I don't think the intent really matters once the thing is out in the open.
I want open source AI i can run myself without any creepy surveillance capitalist or state agency using it to slurp up my data.
Chinese companies are giving me that - I don't really care about what their grand plan is. Grand plans have a habit of not working out, but open source software is open source software nonetheless.
It's really hard to tell. If instructions like the current extreme trend of "What a great question!" and all the crap that forces one to put
* Do not use emotional reinforcement (e.g., "Excellent," "Perfect," "Unfortunately").
* Do not use metaphors or hyperbole (e.g., "smoking gun," "major turning point").
* Do not express confidence or certainty in potential solutions.
into the instructions, so that it doesn't treat you like a child, teenager or narcissistic individual who is craving for flattery, can really affect the mood and way of thinking of an individual, those Chinese models might as well have baked in something similar but targeted at reducing the productivity of certain individuals or weakening their beliefs in western culture.

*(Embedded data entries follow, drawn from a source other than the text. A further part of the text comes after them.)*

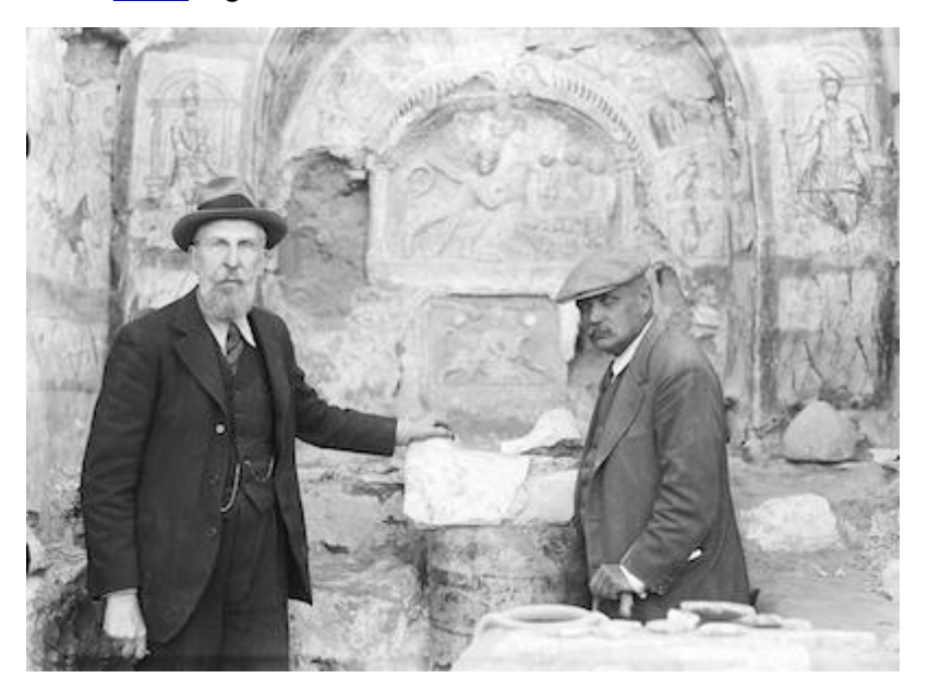
Figure 9: Cumont and Rostovtzeff in the Mithraeum. Corresponds with Baird <u>2011</u>, fig. 11.

Figure 8: Yale-French Academy team members above trench on main street. Corresponds with Baird <u>2011</u>, fig. 10.
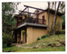
The Busst House Eltham Colour 4 - Shire of Eltham Heritage Study 1992
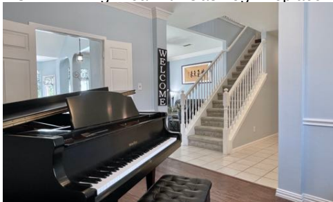
Optional Formal Dining or Study/Piano
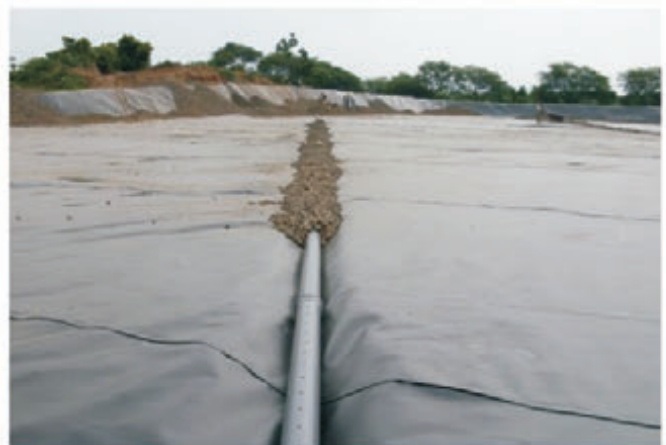
Situbondo Sanitary Landfill, PT. Cipta Aneka Solusi, East Java, 2008
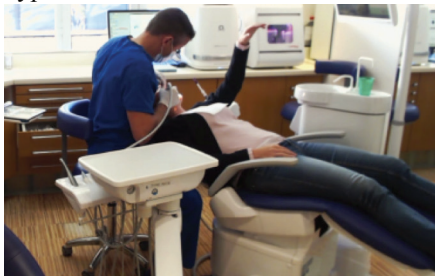
Operative hypnosis (hand raising)

The type of operative hypnosis carried out in the surgery is Elmanian hypnosis (17) .
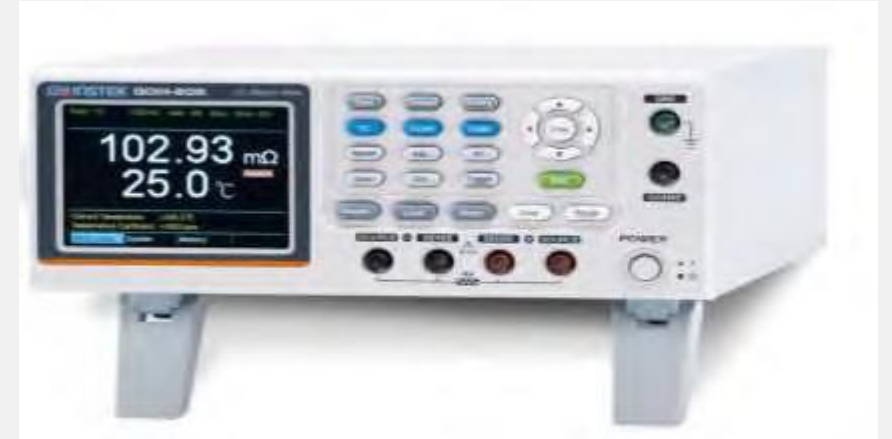
D.C Milliohm Meter
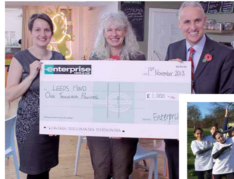
Enterprise rent-a-car donate an amazing £1000.
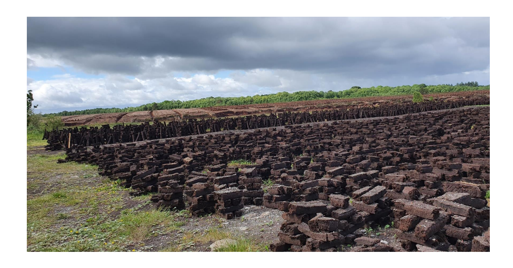
Photo 1: Recently excavated hopper turf with large sod peat noted in the background left out to dry on peatland.
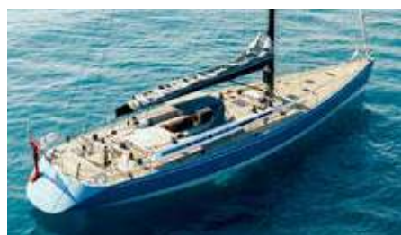
KALLIMA Length: 24.89 m Guest/Crew: 8/3 Area: West Mediterranean Rate: From EUR 28 000/week
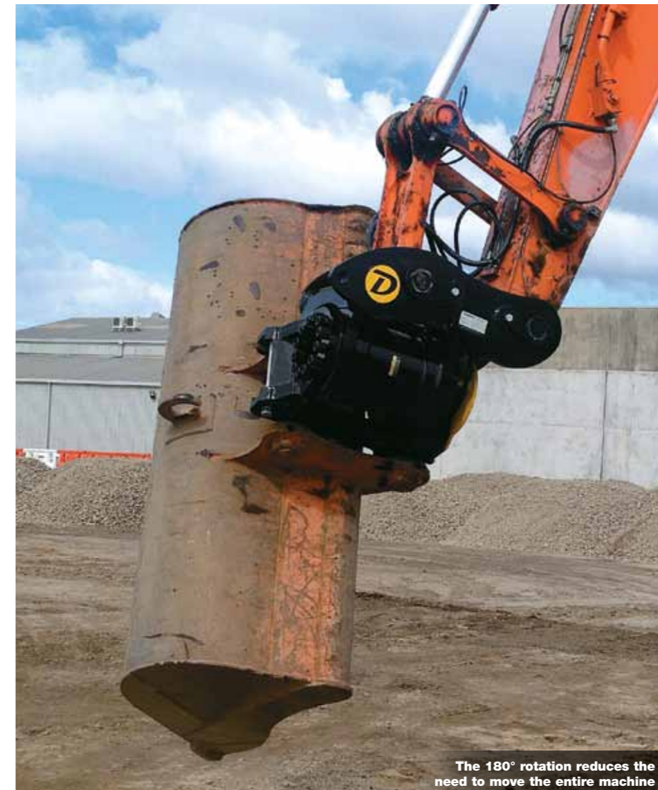
The 180° rotation reduces the need to move the entire machine
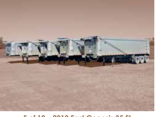
5 of 19 – 2012 East Genesis 35 Ft
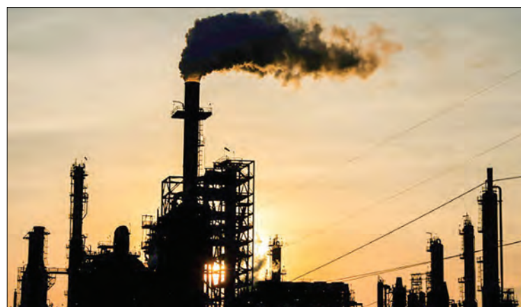
Oil markets have been ravaged this year by a collapse in demand caused by the virus and the Saudi-Russian price war.

The World Health Organization (WHO), which has people to be vigilant about claimed cures for COVID-19, did not attend the event. The US Centers for Disease Control (CDC), referring to claims for herbal or tea remedies, says: “There is no scientific evidence that any of these alternative remedies can prevent or cure the illness caused by COVID-19. In fact, some of them may not be safe to consume.” — AFP
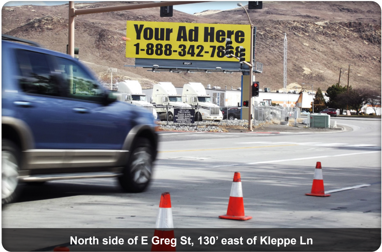
North side of E Greg St, 130' east of Kleppe Ln
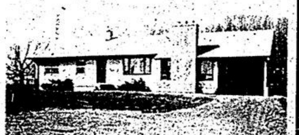
CLOSE TO TOWN: 3 bedroom bungalow with 13' x 27' main floor family room featuring a log burning energy saving fireplace on a 90' x 300' country lot.
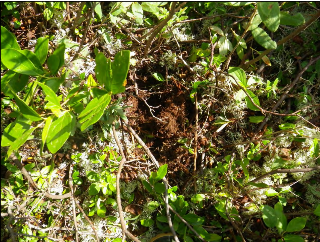
Photograph 81: Wetland 20 (WL20) – Upland Test Pit
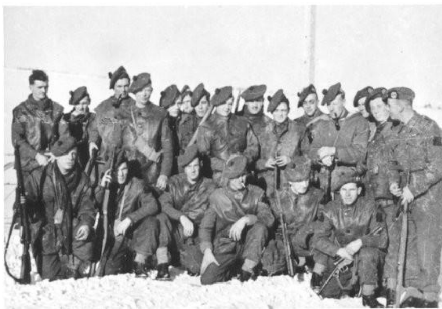
Figure 3. 51st Highland Division
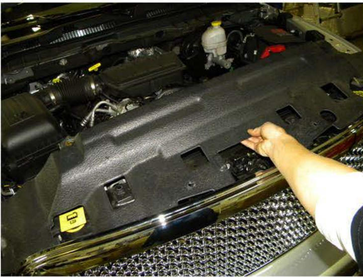
23. Replace the plastic guard
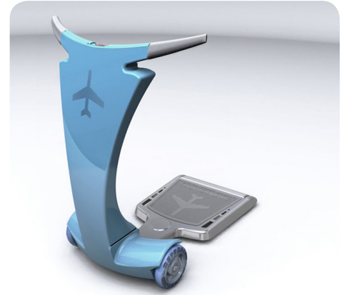
The On-Track electric airport scooter designed in Cobalt CAD and 3D modeling software.

He continues, "With Cobalt's comprehensive tools, we can create any shape, but its real strengths are the 3D Drafting Assistant™, the user interface, the intuitive approach and the pleasure it is to use. These things are fundamental, the real spirit of the software." ❖

I am not saying they are doing that, but they could be doing it sometime down the road without us noticing.
I mean in some sense the Chinese domestic policy (“as in Xi”) made the conditions possible for companies like DeepSeek to rise up, via a multi-decade emphasis on STEM education and providing the right entrepreneurial conditions.
But yeah by analogy with the US, it’s not as if the W. Bush administration can be credited with the creation of Google.